July 24, 2004

Charm, niceness assessed.

Yesterday, as noted here, I was declared a lucky charm. Today, I returned to Milwaukee for round 3 of the U.S. Bank Championship--a PGA golf tournament, though it sounds like a lot of banks having a fight!--but things did not go so well. Cliff (Kresge, my nephew) was 5 over today and fell from 39th to 75th place. My claim to charm is destroyed. The saving grace was that Cliff made a phenomenal shot in front of the big crowd at the 18th hole. After having such a bad day overall, on the 18th hole, he made his second shot into a horribly deep sand trap clear across the green from the hole. I was sitting in the bleachers, and felt awful to see him preparing to shoot: only his head and shoulders were visible above the grassy overhanging fringe of the green. How bad do things have to be? He shoots, the ball kicks up out of the trap and onto the green, rolls the length of the green and into the hole! The crowd goes wild. It was a par 5 hole, so that was an eagle!

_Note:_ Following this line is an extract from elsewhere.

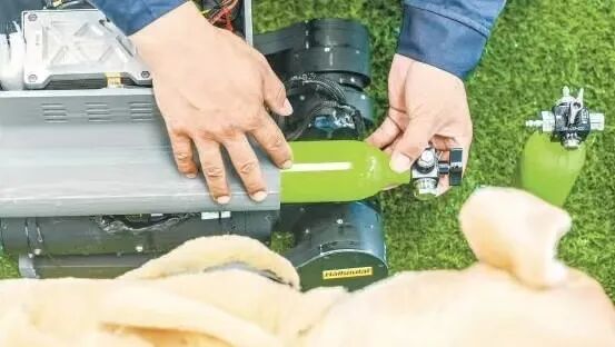“这狗子能火,全靠氢瓶在背后撑腰!”研发团队成员笑着为我们揭秘。原来,2楼的北京氢冉新能源科技有限公司掌握着固态储氢技术这一“法宝”,而6楼的北京海厚泰智能科技有限公司则在机器人设计领域深耕细作。两家公司同处一个园区,在一次交流中一拍即合,开启了协同创新。

I arrived at the golf course early today. With half an hour until tee time, I sat on a picnic bench to write some notes. One of the officials--one of the men who hold up the "quiet" signs when the golfers are shooting--comes over to me and says, "Ma'am, I'm sorry, you can't sit there." I see the bench is inside the rope, though the rope is on the ground at the moment, and it's quite close to the green. "Oh, I'm sorry," I say, embarrassed. "That's okay," he says in the extremely nice way people performing various functions around the golf course always have. People are so polite here. I'm an outsider observing the golf ethic: I have never played golf, and I am only interested in it because of my nephew. But I'm impressed by the super-niceness everyone embraces on the golf course during professional tournaments. People are quiet and maintain a thoroughly restrained manner. No one talks when the "quiet" sign is raised. In fact, there is only a little very quiet talking when you're allowed to talk. No one would ever do anything even close to, say, calling out "Miss!" when a player is shooting or laughing when a player misses an easy shot. It's just unthinkable. You never notice anyone rooting against someone. Even though it helps your guy when another guy misses a shot, you never hear the slightest indication of satisfaction. It hurts your guy when another guy makes a shot, and you never hear the slightest whisper of regret. Everyone claps when anyone makes a good shot. Go to a golf tournament, and even if you tend to think the golf manner is staid or repressed or geriatric or phony or whatever, you'll find yourself acting the same way too. You'll hold back when an official makes a little hand motion to signal that you need to wait for the players to cross one of the little bridges over a water hazard, and when the official motions to you that you may now cross the bridge, you'll say to him, "Thank you."